**** Data under study ****

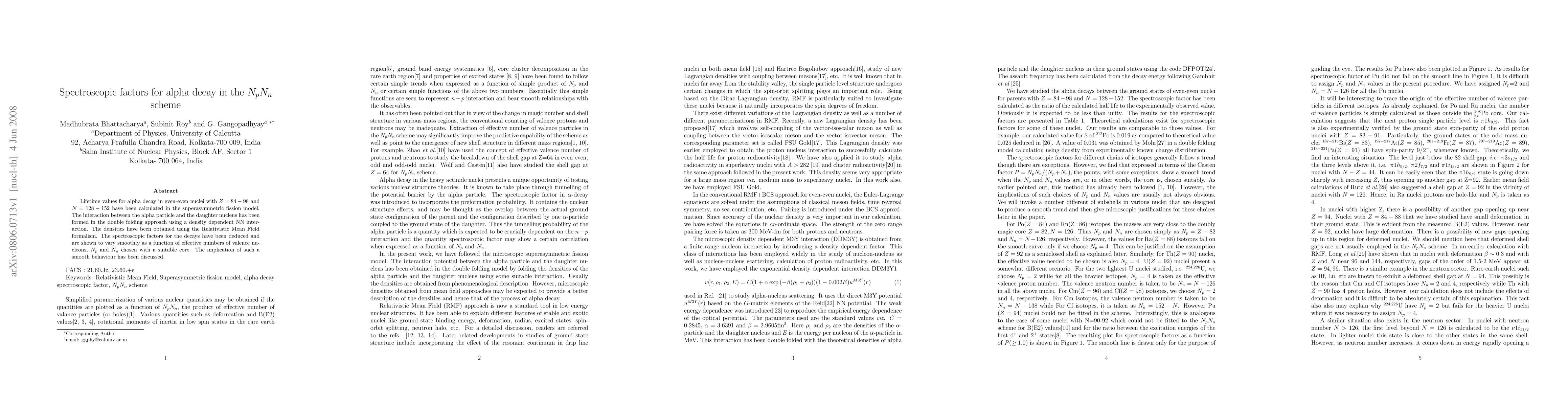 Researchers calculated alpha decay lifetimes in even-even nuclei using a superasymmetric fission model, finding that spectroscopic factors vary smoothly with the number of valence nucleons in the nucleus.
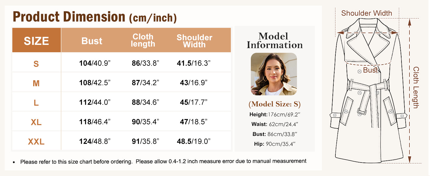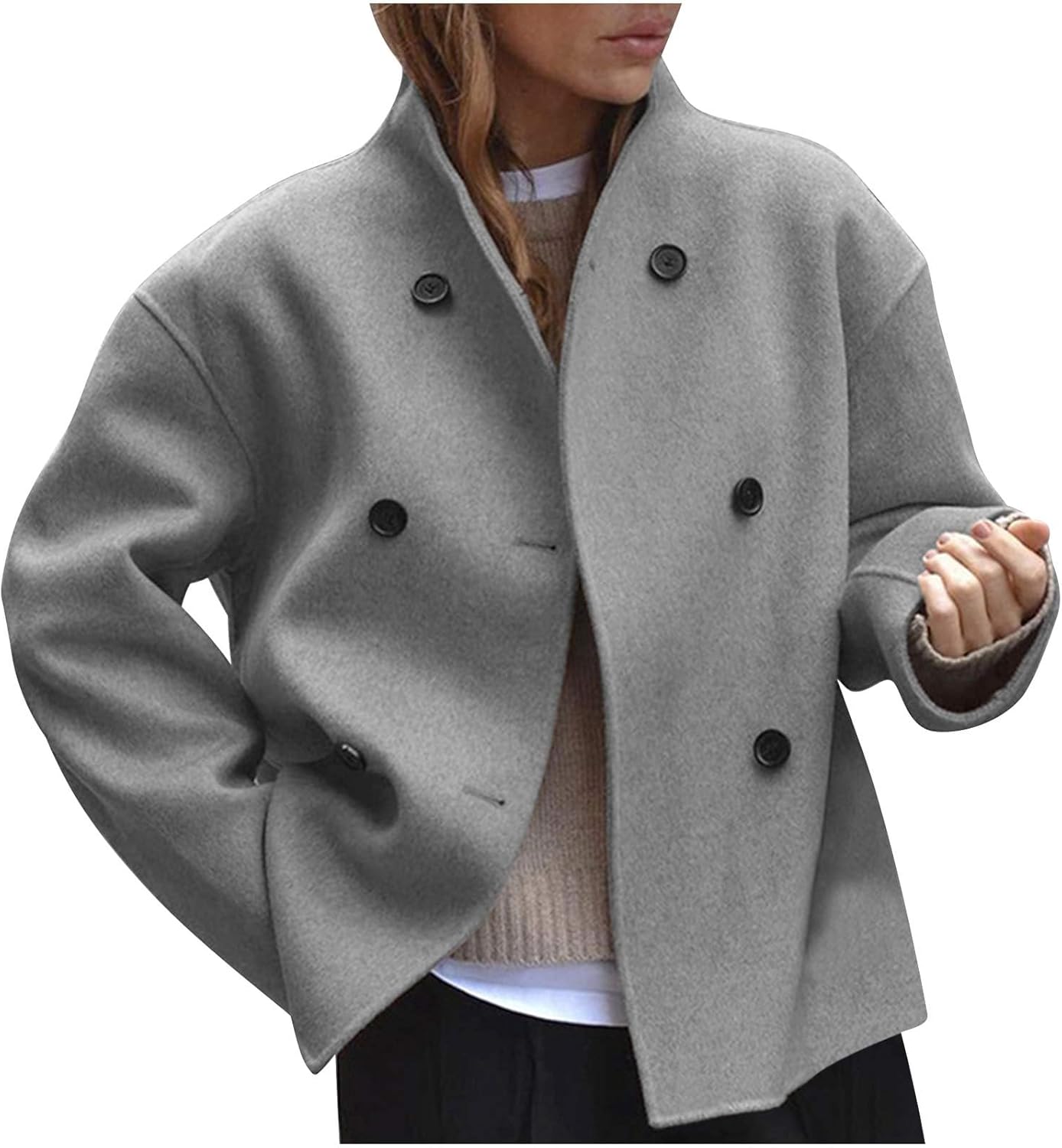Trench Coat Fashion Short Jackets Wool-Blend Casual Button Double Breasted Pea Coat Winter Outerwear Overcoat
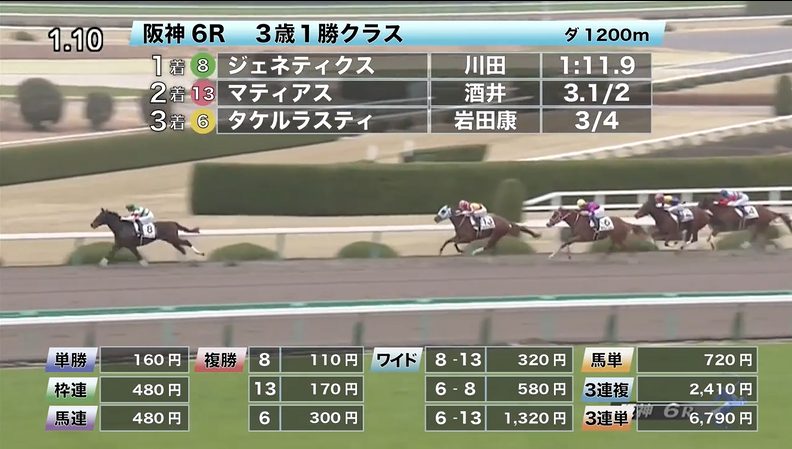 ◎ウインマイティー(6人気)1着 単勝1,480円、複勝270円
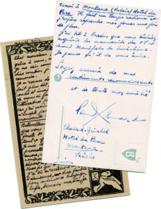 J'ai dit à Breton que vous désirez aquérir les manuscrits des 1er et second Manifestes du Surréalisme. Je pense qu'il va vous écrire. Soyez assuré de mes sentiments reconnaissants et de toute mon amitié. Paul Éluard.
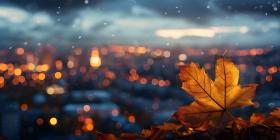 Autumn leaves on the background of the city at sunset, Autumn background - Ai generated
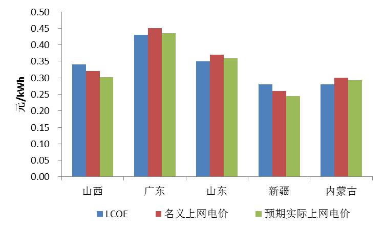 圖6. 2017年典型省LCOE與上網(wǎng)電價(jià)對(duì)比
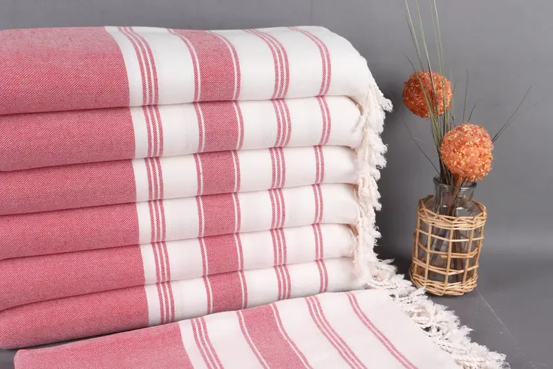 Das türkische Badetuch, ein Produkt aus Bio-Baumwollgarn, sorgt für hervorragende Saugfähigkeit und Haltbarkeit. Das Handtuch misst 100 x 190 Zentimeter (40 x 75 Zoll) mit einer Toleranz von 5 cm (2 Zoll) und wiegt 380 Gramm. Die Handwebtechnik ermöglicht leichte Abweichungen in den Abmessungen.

****

Exercise aim —
Leave out the pictures and restate, word for word, the lines from the top of the data through the line containing "Trench Coat Fashion", both included.

Answer to the exercise —
 Researchers calculated alpha decay lifetimes in even-even nuclei using a superasymmetric fission model, finding that spectroscopic factors vary smoothly with the number of valence nucleons in the nucleus.
Trench Coat Fashion Short Jackets Wool-Blend Casual Button Double Breasted Pea Coat Winter Outerwear Overcoat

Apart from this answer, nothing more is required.